また、第1審原告らは、上記第2、2、(1)、ア、(ウ)、bのとおり主張する。第1審原告X1は、前田校長等から組合の団体交渉以外で職場を離れる場合には年休届を出すよう通告されていたが、(1)昭和60年4月16日、同月23日及び同月30日には、前田校長に対し事前に告げた上で支部執行委員会に出席し、前田校長は、同月23日及び同月30日には年休届の提出を求めたが、第1審原告X1は、これに応じなかった、(2)第1審原告X1は、同年5月14日には、前日から同日午前中にかけての年休届を提出していたが、同日午後の年休届を提出していないにもかかわらず登校しなかった。本件懲戒処分においては、以上の事実を重視せざるを得ず、第1審原告X1は、これらが勤務時間等に関する条例、市教委服務規則に反する非違行為になると認識しながら、これを反復して繰り返したといわざるを得ないのであって、これに原判決添付別紙3、(1)のとおりの無断欠勤の回数等を勘案すると、第1審原告らが指摘する処分の基準・扱いの上で、第1審原告X1について欠勤4日に相当するにすぎないという程度のものとは到底いえない。
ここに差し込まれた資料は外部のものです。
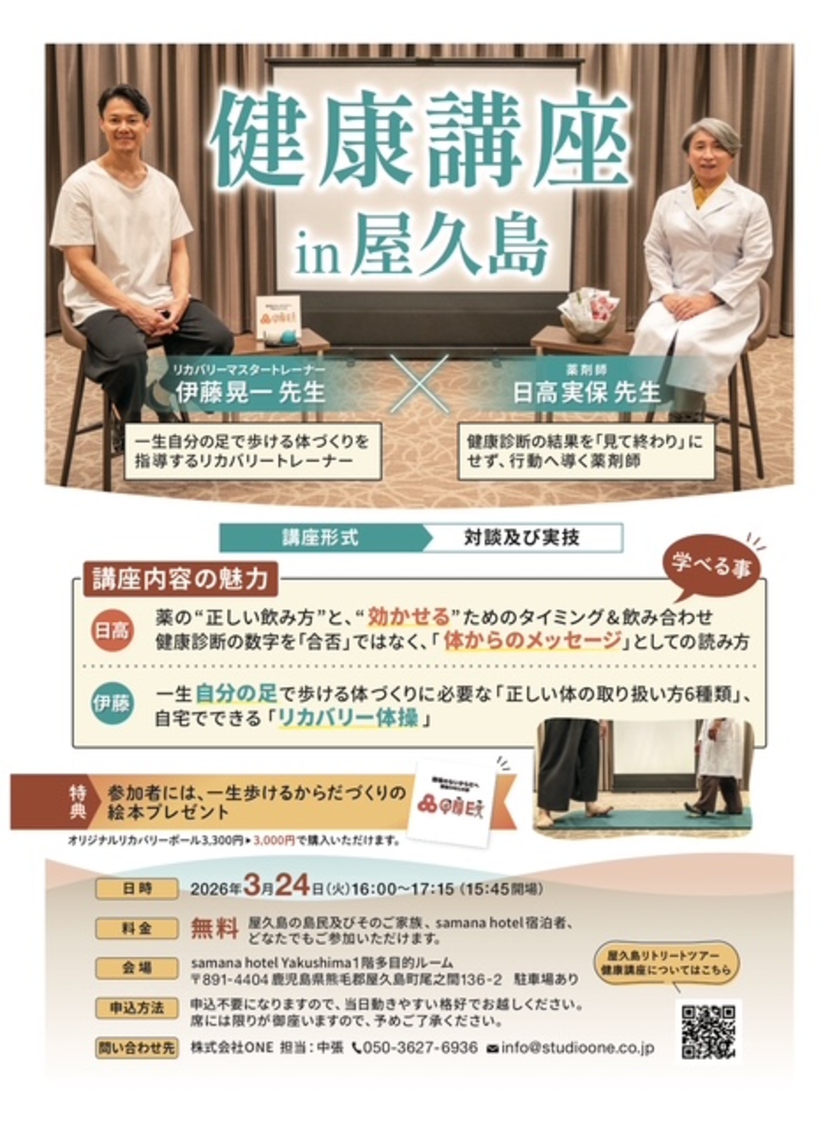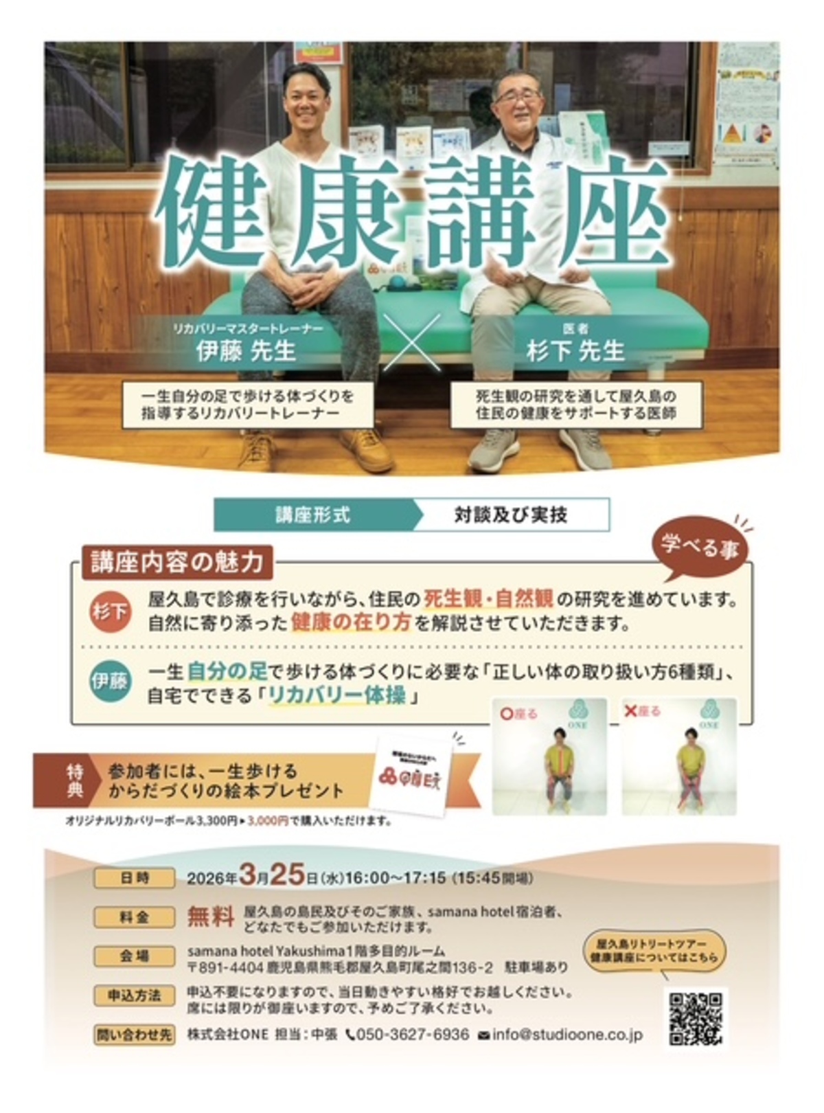 「健康講座」では、屋久在住の医師や薬剤師の方などスペシャリストをお招きし、健康に役立つ知識や考え方を学び、リカバリーマスタートレーナーの伊藤晃一からは、リカバリー体操や正しい体の使い方を体験しながら学んでいただく内容です。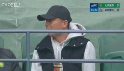 第5分钟,镜头给到受伤缺阵坐在看台观战的李磊。↓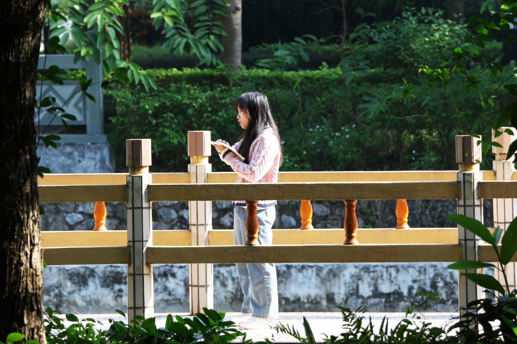 相思湖畔、图书馆前,虽已入冬,但树木依旧翠绿,你和青葱树木,在阳光的照射下都格外迷人。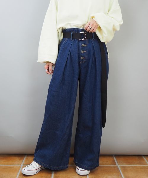 ◆スッキリ見えるボタン◆ 前ボタンが可愛いハイウェストで履けるワイドパンツです。 ベルト無しでもボタンがポイントになり可愛いデザインです♪ 生地も柔らかく腰にタック入りなので、履き心地がいいのもポイントです。 ※実店舗と発売時期が異なることがございます。あらかじめ御了承下さい。 ※撮影場所やお使いのモニター環境により若干お色味が異なる場合がございます。 ※お取り扱いに関しましては、商品に付属のアテンションタグをご覧ください。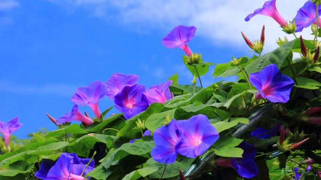 Morning glory is divided into vine-climbing and petunia varieties, both of which are heat and sun-tolerant (vine-climbing is said to be more sun-tolerant). It's okay even if it's exposed to the sun all summer, as long as you give enough water (so is Million Xiaoling).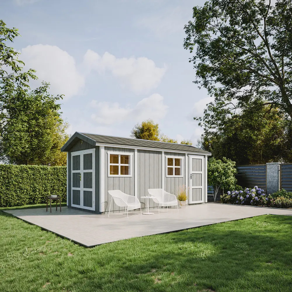 Pacchetto completo: La casetta viene fornita con pavimentazione LP® ProStruct® e tegole bituminose grigie. Le griglie di ventilazione integrate assicurano una buona circolazione dell'aria all'interno.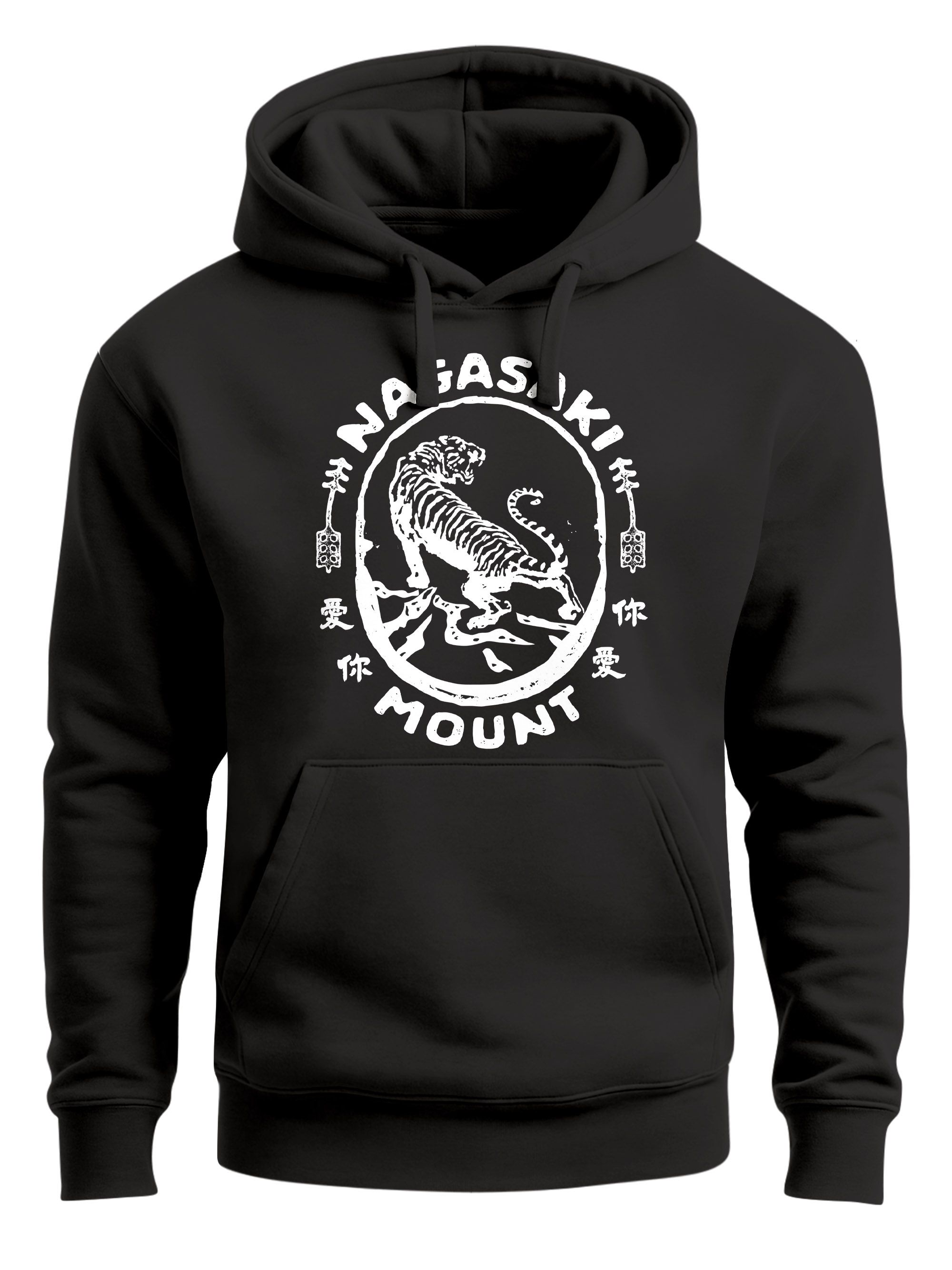 - Key-Piece für kühle Tage der Marke Neverless® Dieser Hoodie für Herren mit hochwertigem Tiger Print mit japanischen Schriftzeichen und Nagasaki Mount Schriftzug ist ein absoluter Eyecatcher und kann zu jedem coolen Streetstyle Outfit kombiniert werden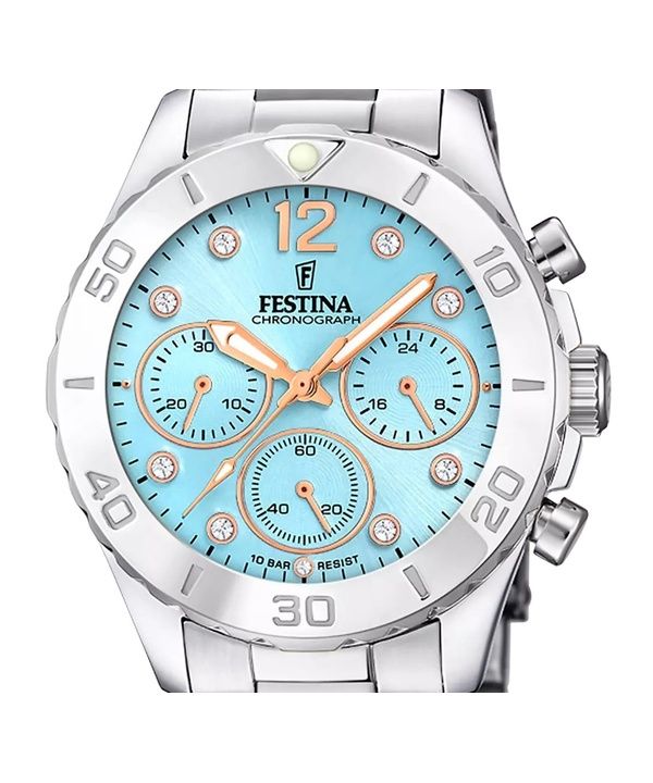 Festina Boyfriend Chronograph Crystal Accents Blue Dial Quartz F20603-4 100M Women's Watch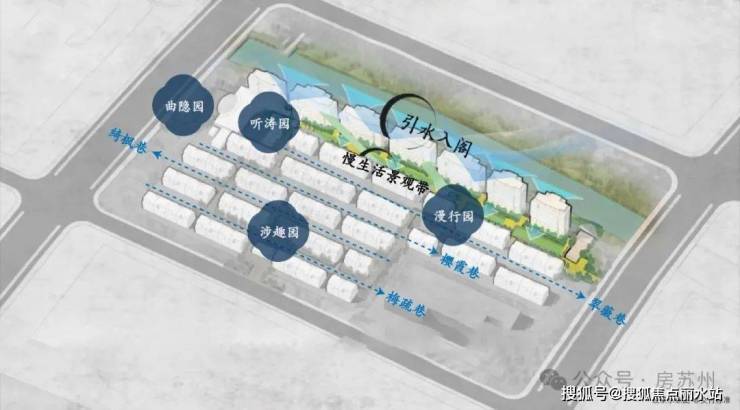 ※栋式天地叠院立面:现代简雅立面勾勒太湖水韵纹脉线条,刷新苏州天际线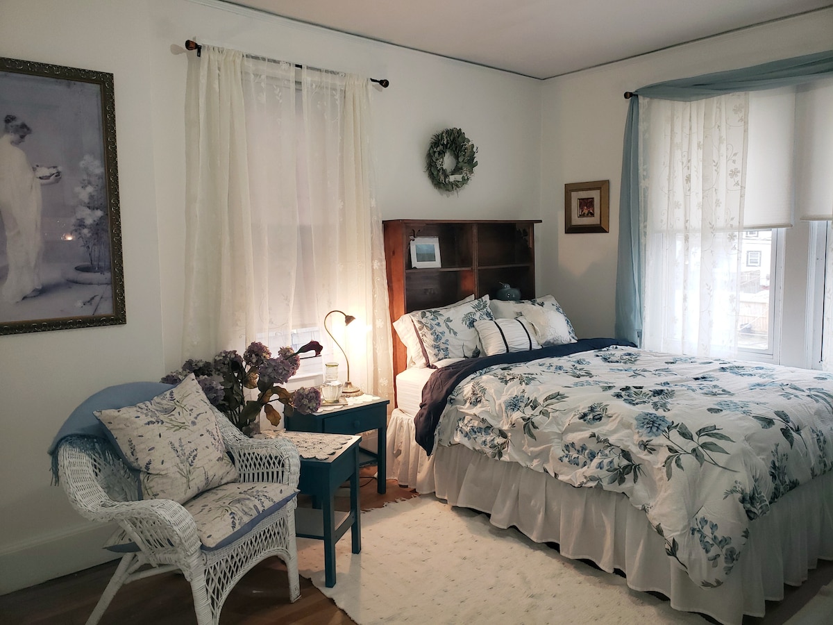 Dormitor spațios și liniștit la etaj într-o casă artistică istorică liniștită, podele originale din lemn, ferestre, mobilier de epocă. Pat confortabil cu platformă cu saltea cu spumă cu memorie, cearșafuri netede, plapumă. Zonă de relaxare privată + toaletă/birou mic. Atașat o baie albastră istorică minunată, cadă cu hidromasaj și duș. Această cameră este caldă vara și răcoroasă iarna, datorită ferestrelor istorice. Liniștit, prietenos cu persoanele queer, sobru. Bine ai venit la medicină, asistente medicale de călătorie și pe cei care se mută! Nu este un hostel sau un hotel, o locuință.

第1審原告X2については、前記(五)(原判決188頁2行目から189頁1行目まで)のとおりの事実が存在し、昭和61年5月15日以降6回にわたり文書により注意を受けたにもかかわらず、これを無視して無断職場離脱を繰り返したのであって、第1審原告X2が勤務時間等に関する条例、市教委服務規則に反する非違行為を確信的に反復したといわざるを得ず、これに原判決添付別紙3、(2)のとおりの無断欠勤の回数等を勘案すると、第1審原告らが指摘する処分の基準・扱いの上で、第1審原告X2について欠勤3日と3分の2に相当するにすぎないという程度のものとは到底いえない。以上のとおり、第1審原告X1、同X2のいずれについても、処分における比例原則に違反しているとはいえないのであって、第1審原告らの上記主張は理由がない。」
2 結論
以上のとおりであって、第1審被告及び第1審原告らの主張はいずれも理由がないから、本件各控訴をいずれも棄却することとし、主文のとおり判決する。